Diane Keaton who played Michael's wife, Kay Adams, was able to collect U$2mn in GF-III vis-...-vis the pittance she collected in GF-I: U$6,000. Robert Duvall playing the Consigliori, Tom Hagen, demanded for U$3.5mn against Paramount's U$1.5mn and was turned down and replaced with George Hamilton in GF-III.

Director Coppola collected U$3-mn to direct, U$1-mn to write and U$2-mn plus 15% of gross to produce GF-III, as against what he received for GF-II: U$200,000 for direction, U$250,000 for the script plus on a formula ranging between 10% and 15% as co-producer.


Perhaps The Godfather fitfully won the Academy awards for Best Picture, Actor (Brando), and Screenplay (Coppola & Puzo), and also in that one is able to discern the special features in the movie. GF-I & GF-II totally were nominated for 21-Oscar nominations, and collected nine, both winning Best Film Awards.

The momentous meeting Virgil "The Turk" Sollozzo has with Don Corleone in the presence of his Consigliori Tom Hagen, the two Caporegimes, Sal Tessio (Abe Vigoda) and Pete Clemenza (Richard Castellano), and two of the Don's sons, Santino (James Caan) and Fredo (John Cazale), prompted U.S. management guru, the late Donald McCormick to cite Sonny's faux pax as an example of observing fringe times in business interactions in his masterpiece, What They Don't Teach You At Harvard Business School.


Reminiscent in GF-I is the initial introduction of Don Vito Corleone (Brando) in a sudden reverse shot, seated behind his table in his paneled office, intently listening with composure and assumed power, kitted up in black suit and brilliant white shirt complete with tuxedo and blood red nosegay, to attend his daughter's wedding, the camera focusing directly on the undertaker, Amerigo Bonasera, facing the Don, relating his daughter's trauma; seeking for revenge.

Sparks of professionalism at its peak is also seen in the Don's two brief discourses with the deadly Luca Brasi, enforcer to the Corleone Family, and in the famous speech made by the Don to the head of the Five Families.


GF-I carries a slew of dramatic events, which have an everlasting impact on the filmgoer. The dramatic assassination of Luca Brasi in the bar owned by the Tattaglia Family; the tragic ambush of Sonny; Sollozzo's car taking that high-speed U-turn amidst klaxons, as the driver, Lou, crosses over the road's divider across the splendid Triborough bridge connecting New Jersey and New York; the deadly confrontation of Michael with Sollozzo (Al-Lettieri) and Police Captain McCluskey (Sterling Hayden) at Louis' Italian-American Restaurant in the Bronx; Consigliori Tom Hagen taking a short drink before he plucks up courage to break tragic news to the Don.

The Don's visit to Bonasera seeking his services to return a favour.


The Don's memorable address to the head of the Five Families and their associates at a secret conference, seeking for peace.

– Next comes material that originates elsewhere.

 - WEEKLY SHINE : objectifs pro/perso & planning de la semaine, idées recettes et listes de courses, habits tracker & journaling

Scenes in the backyard of the Corleone home with the Don and Michael, and later the Don and his grandson, Anthony, amidst the tomato vines, ending a marked shift in the story; the terrible scenes of bloody violence; all contributing toward Coppola's masterpiece in direction.

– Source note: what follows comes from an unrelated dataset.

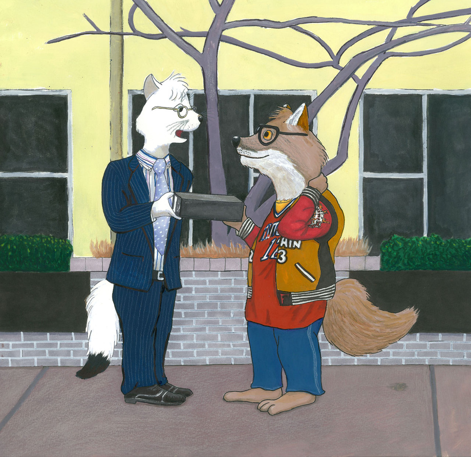 Another commission for Buck Hopper. This one features his other character, T.Matt Latrans, a sports commentator, presenting FBA player John Stoat with a gift. This pic was meant to tie in with a "sound story" Buck recorded with himself and a friend depicting the event.

Puzo in his The Godfather Papers and Other Confessions describes the fury of Frank Sinatra directed against him while dining at the famous Chasen's in Hollywood on account of the Johnny Fontane character in his book, allegedly portraying a resemblance to Sinatra.


According to Puzo, the incident was a case of a Northern Italian threatening a Southern Italian, which Puzo equates to Einstein pulling a knife on Al Capone!

Fascinating advice

The book and movie are inundated with some fascinating advice given intermittently by the Godfather to his sons or close associates at various times.

In Puzo's opus at Book-8: Chapter-30, the Don gives Michael one of the most valuable lessons on how he came to use a guy like Luca Brasi, and Michael had used it to make the deadly ex-cop Albert Neri his Brasi.


Other brief but vital snippets to Bonasera: "And that by chance if an honest man such as yourself should make enemies, then they would become my enemies. And then they would fear you."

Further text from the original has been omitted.